▶ _Source data_:
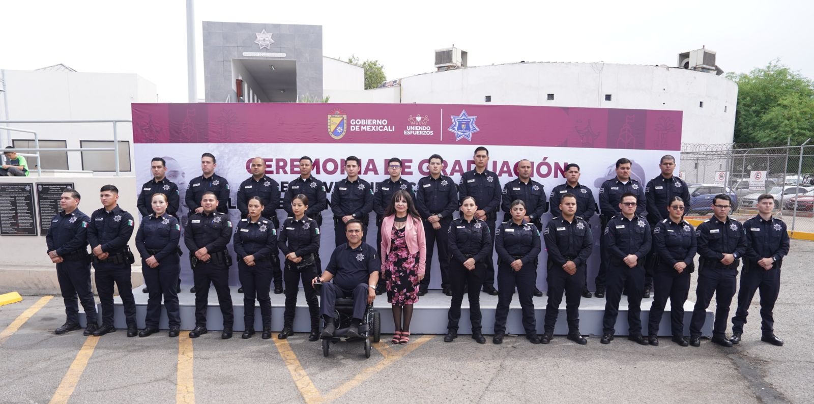 Mexicali, B.C. A 14 de abril 2025.- Norma Bustamante, alcaldesa de Mexicali encabezó la ceremonia de graduación de la Generación LVI, conformada por 25 nuevos elementos de la Dirección de Seguridad Pública Municipal (DSPM).
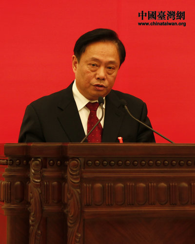 中華全國臺灣同胞聯誼會會長梁國揚代表全國臺聯第八屆理事會作工作報告。(中國臺灣網 郭瑩瑩 攝)
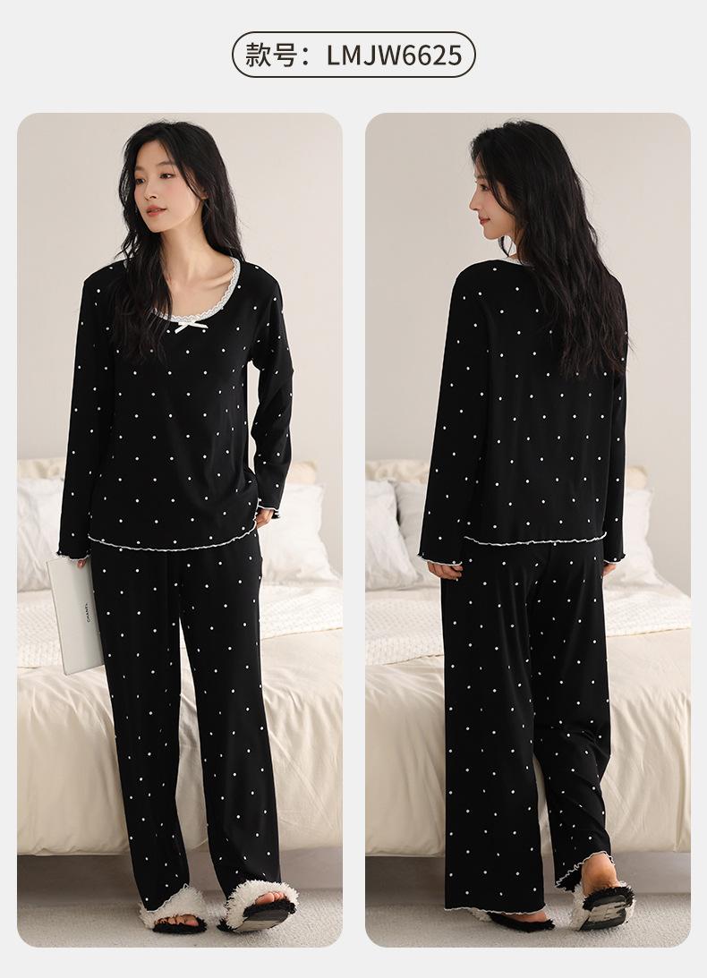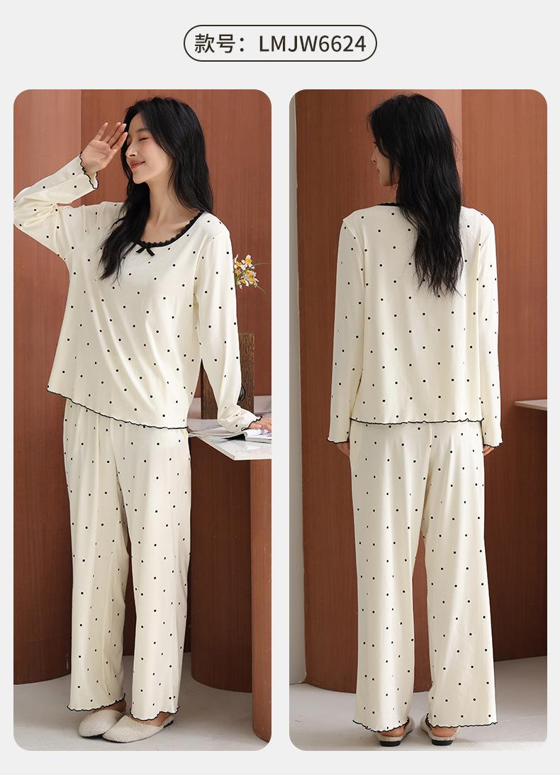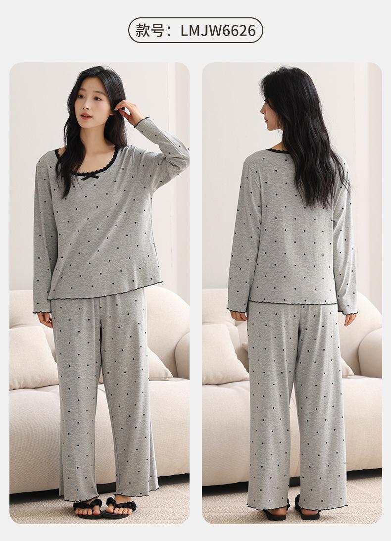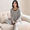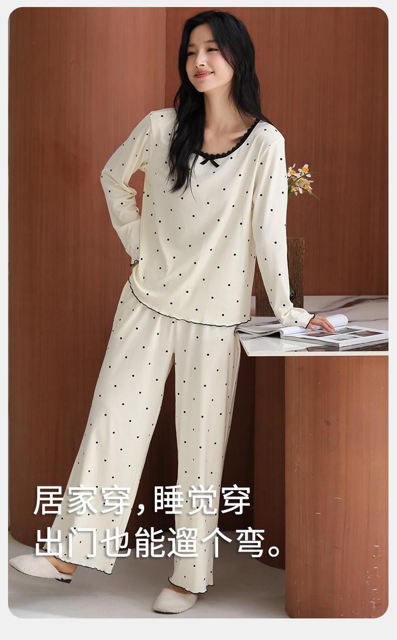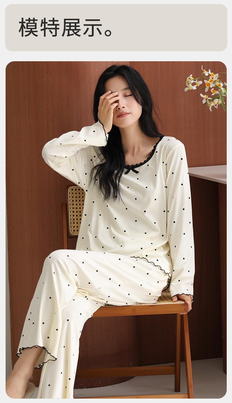 Pijamas nuevos de primavera y otoño para mujer Súper suaves, agradables para la piel, conjunto de algodón puro, cómodos, con lazo, cuello redondo, ropa para el hogar, se pueden usar al aire libre

▶ _What is required_: Repeat the data verbatim, excluding all pictures.

▶ _Your response_:
 Mexicali, B.C. A 14 de abril 2025.- Norma Bustamante, alcaldesa de Mexicali encabezó la ceremonia de graduación de la Generación LVI, conformada por 25 nuevos elementos de la Dirección de Seguridad Pública Municipal (DSPM).
 中華全國臺灣同胞聯誼會會長梁國揚代表全國臺聯第八屆理事會作工作報告。(中國臺灣網 郭瑩瑩 攝)
 Pijamas nuevos de primavera y otoño para mujer Súper suaves, agradables para la piel, conjunto de algodón puro, cómodos, con lazo, cuello redondo, ropa para el hogar, se pueden usar al aire libre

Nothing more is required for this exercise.